Contentment is the enemy of evolution, and evolution is the business we’re in. We’ve got a job to do — a puzzle to put together.

Televangelists will tell you that society is falling apart, because, as intelligence and technology have become increasingly important in modern times, morality has been deprioritized. In other words, the smarter we get, the meaner we get.

Wrong.

Society isn’t falling apart. It was never together. We’re not de-evolving from some utopia. Things aren’t simply getting worse. History’s not divided into “the good old days” and right now. Those blissfully stupid people in the Bible weren’t good. They were full of the same gears and wires as us, and they were just as weird and foolish and human. But we’ve got cooler gadgets, and we’re inventing more every day.

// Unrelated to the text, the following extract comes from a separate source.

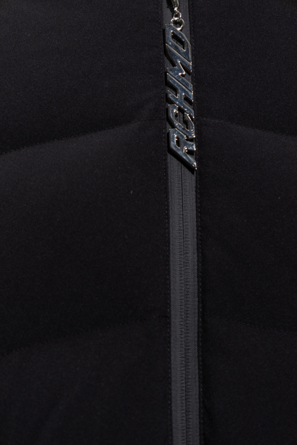 Black jacket with a drawstring hood from John Richmond, the ‘Sport’ line. Filled with duck down, this style features a zip fastening with a metal logo pendant, four zip pockets and long sleeves with elasticated cuffs.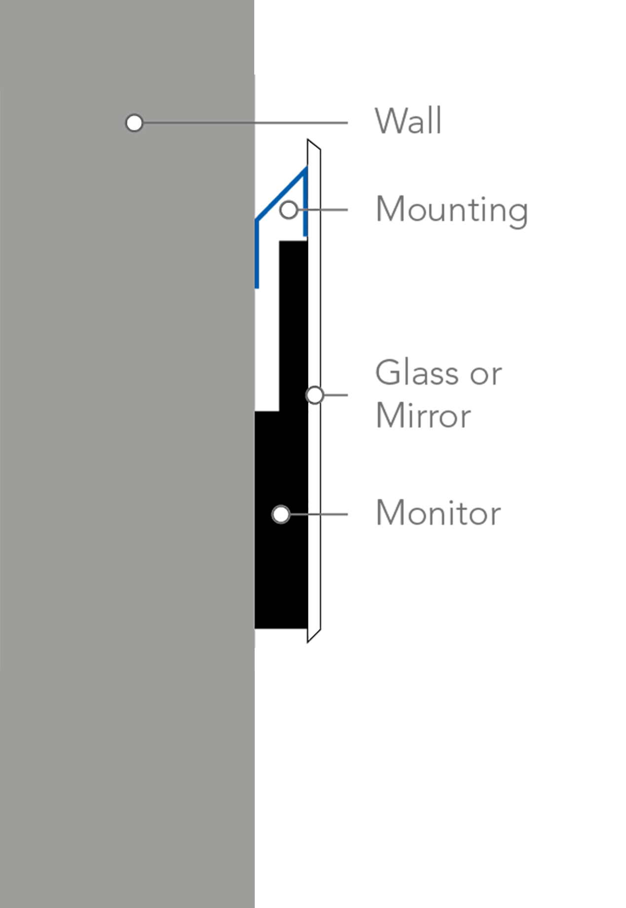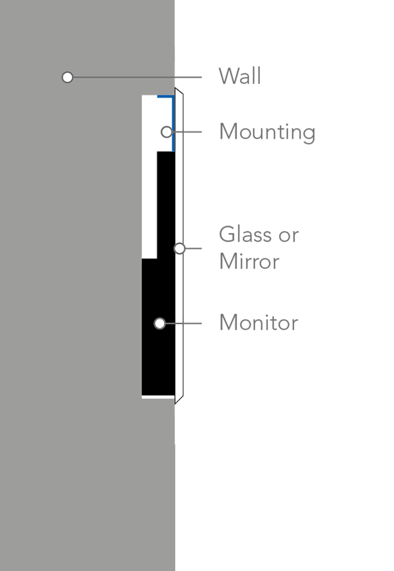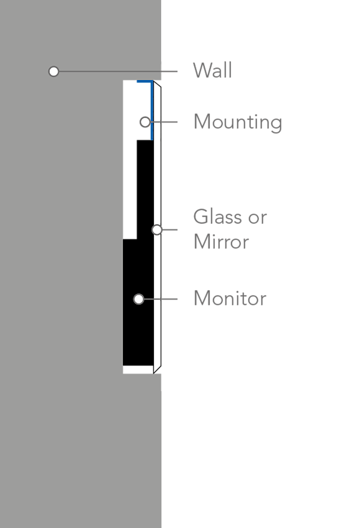 ad notam's In-Wall Mounting Flush Mount Systems integrate your complete product (screen combined with a mirror or glass panel) into a cavity particularly to fit and embed the screen, the mounting system AND the mirror or glass panel. In the end there will be no glass or mirror overlying the wall - leaving behind a flush and immaculate surface.

In that sense, history’s kind of like the James Bond series. We may not all be Sean Connerys, but we’ve got cars that go underwater, and there’s something to be said for that. Besides, what has Sean Connery done recently?

Come to think of it, what has Moses done recently?

“Hey, Moses! You with the beard!”

“Yes.”

“Darth Vader is Luke Skywalker’s father.”

(Long silence.) “You’re f—ing kidding me. Get the f— out of here.”

“No. No f—ing s—.”

(Sound of Moses smacking me with his staffy-thing and running away.)

Greg Yolen is a sophomore in Pierson College. Stop reading now. OK, now.